Copy the data that follows, character for character, minus the pictures.
BEGIN Task data
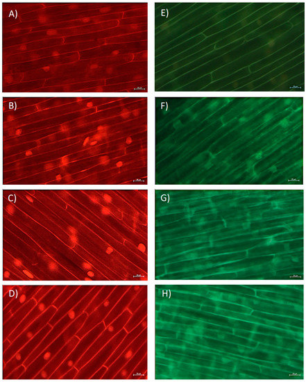 Level of reactive oxygen species (ROS) in situ in root cells of Allium cepa exposed to bisphenol A (BPA) in concentration range 1–10 mg L−1 for 3 days. Representative fluorescence images of level of: (A–D) superoxide radical (O2−) and (E–H) hydrogen peroxide (H2O2) in root cells. (A,E) control; (B,F) exposure to 1 mg L−1; (C,G) 5 mg L−1; and (D,H) 10 mg L−1 of BPA. Scale bar: 20 μm.
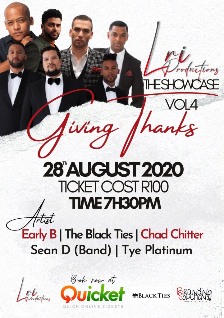 Hosted by LRI Productions, musicians such as The Black Ties (Keeno-Lee Hector, Chad Saaiman and Lloyd Jansen), rapper Early B, Chad Chitter (MC and DJ), Sean De Vries (backing band) as well as the soulful crooner Tye Platinum, will all perform in a once off Women’s Month virtual concert celebration on Friday 28 August.
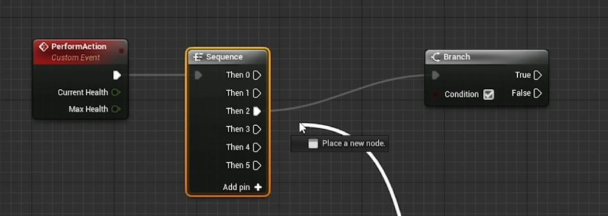 What this is going to do is move your screen to focus on the node which is directly connected to the pin you selected, in this case, the branch in the lower portion of the screen. In this example, it isn’t so useful because you can clearly see and follow the connection line from the sequence to the branch node.
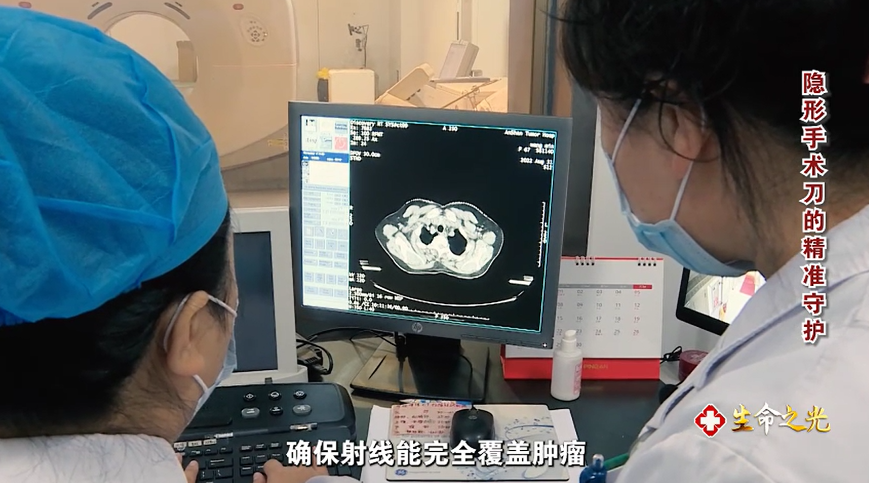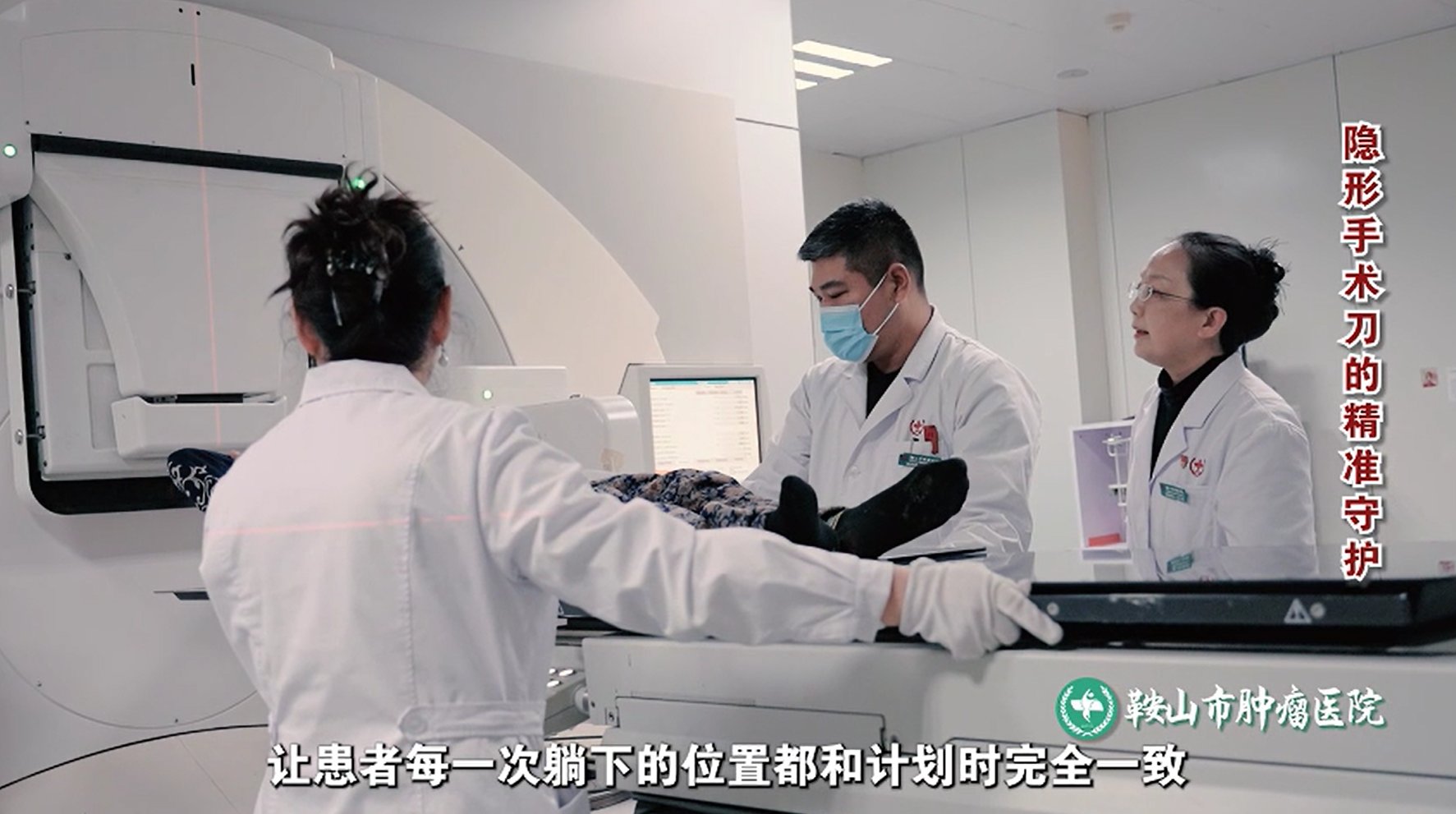 4.计划做好了,接下来就是每天的治疗实施。这一步由放疗技师负责,核心任务是精准摆位,让患者每一次躺下的位置都和计划时完全一致。
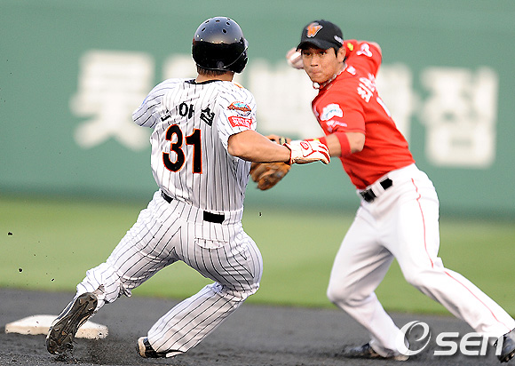 1회초 무사 1,2루 롯데 홍성흔의 내야땅볼때 SK 최윤석이 1루 주자 손아섭을 포스아웃시키고 1루로 송구해 병살아웃 시키고 있다 . /soul1014@osen.co.kr
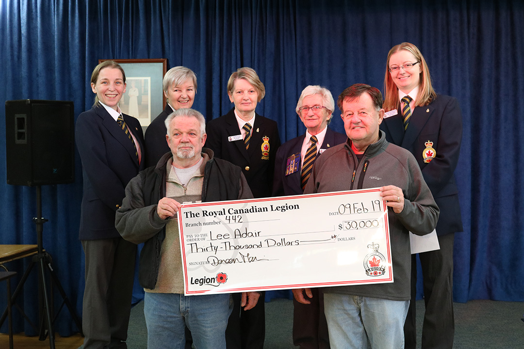 Lee Adair of Erin, at left, holds the $30,000 prize cheque from the Catch the Ace draw held by Royal Canadian Legion Branch 442 Erin. It was presented at a Feb. 9 awards day. Adair’s name was on the winning ticket, but the prize is being shared among a group of 11, including Phil Bludd on the right. In the back row, left to right, from the branch are Susanne Booth, Patty Booth, Verna Bludd, Rose Ostrander and Doreen Marier. Submitted photo
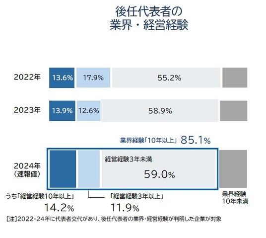 2022-24年の3年間で代表者交代が行われた企業のうち、後継者として就任した後任代表者の業界や経営経験の有無を分析した。その結果、24年は業界経験が「10年以上」ある後任代表者が8割超を占め、業界に精通した人材が多く代表者として就任した。このうち、「経営経験の有無」について分析したところ、最も割合が高かったのは「3年未満」(59.0%)で、多くがベテラン社員や役員として業界経験が長いものの、経営経験が少ない人材だった。一方、業界に明るく経営経験も豊富な人材が後任代表者として就任する割合も増えており、24年は業界・経営経験がともに10年以上の割合が14.2%を占め、22年(13.6%)から拡大傾向が続いた。
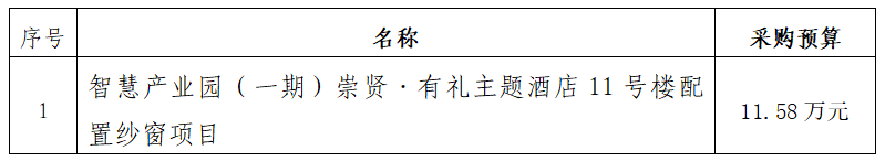 一、采購項目名稱:智慧產(chǎn)業(yè)園(一期)崇賢·有禮主題酒店11號樓配置紗窗項目
END Task data
## Reply:
 Level of reactive oxygen species (ROS) in situ in root cells of Allium cepa exposed to bisphenol A (BPA) in concentration range 1–10 mg L−1 for 3 days. Representative fluorescence images of level of: (A–D) superoxide radical (O2−) and (E–H) hydrogen peroxide (H2O2) in root cells. (A,E) control; (B,F) exposure to 1 mg L−1; (C,G) 5 mg L−1; and (D,H) 10 mg L−1 of BPA. Scale bar: 20 μm.
 Hosted by LRI Productions, musicians such as The Black Ties (Keeno-Lee Hector, Chad Saaiman and Lloyd Jansen), rapper Early B, Chad Chitter (MC and DJ), Sean De Vries (backing band) as well as the soulful crooner Tye Platinum, will all perform in a once off Women’s Month virtual concert celebration on Friday 28 August.
 What this is going to do is move your screen to focus on the node which is directly connected to the pin you selected, in this case, the branch in the lower portion of the screen. In this example, it isn’t so useful because you can clearly see and follow the connection line from the sequence to the branch node.
 4.计划做好了,接下来就是每天的治疗实施。这一步由放疗技师负责,核心任务是精准摆位,让患者每一次躺下的位置都和计划时完全一致。
 1회초 무사 1,2루 롯데 홍성흔의 내야땅볼때 SK 최윤석이 1루 주자 손아섭을 포스아웃시키고 1루로 송구해 병살아웃 시키고 있다 . /soul1014@osen.co.kr
 Lee Adair of Erin, at left, holds the $30,000 prize cheque from the Catch the Ace draw held by Royal Canadian Legion Branch 442 Erin. It was presented at a Feb. 9 awards day. Adair’s name was on the winning ticket, but the prize is being shared among a group of 11, including Phil Bludd on the right. In the back row, left to right, from the branch are Susanne Booth, Patty Booth, Verna Bludd, Rose Ostrander and Doreen Marier. Submitted photo
 2022-24年の3年間で代表者交代が行われた企業のうち、後継者として就任した後任代表者の業界や経営経験の有無を分析した。その結果、24年は業界経験が「10年以上」ある後任代表者が8割超を占め、業界に精通した人材が多く代表者として就任した。このうち、「経営経験の有無」について分析したところ、最も割合が高かったのは「3年未満」(59.0%)で、多くがベテラン社員や役員として業界経験が長いものの、経営経験が少ない人材だった。一方、業界に明るく経営経験も豊富な人材が後任代表者として就任する割合も増えており、24年は業界・経営経験がともに10年以上の割合が14.2%を占め、22年(13.6%)から拡大傾向が続いた。
 一、采購項目名稱:智慧產(chǎn)業(yè)園(一期)崇賢·有禮主題酒店11號樓配置紗窗項目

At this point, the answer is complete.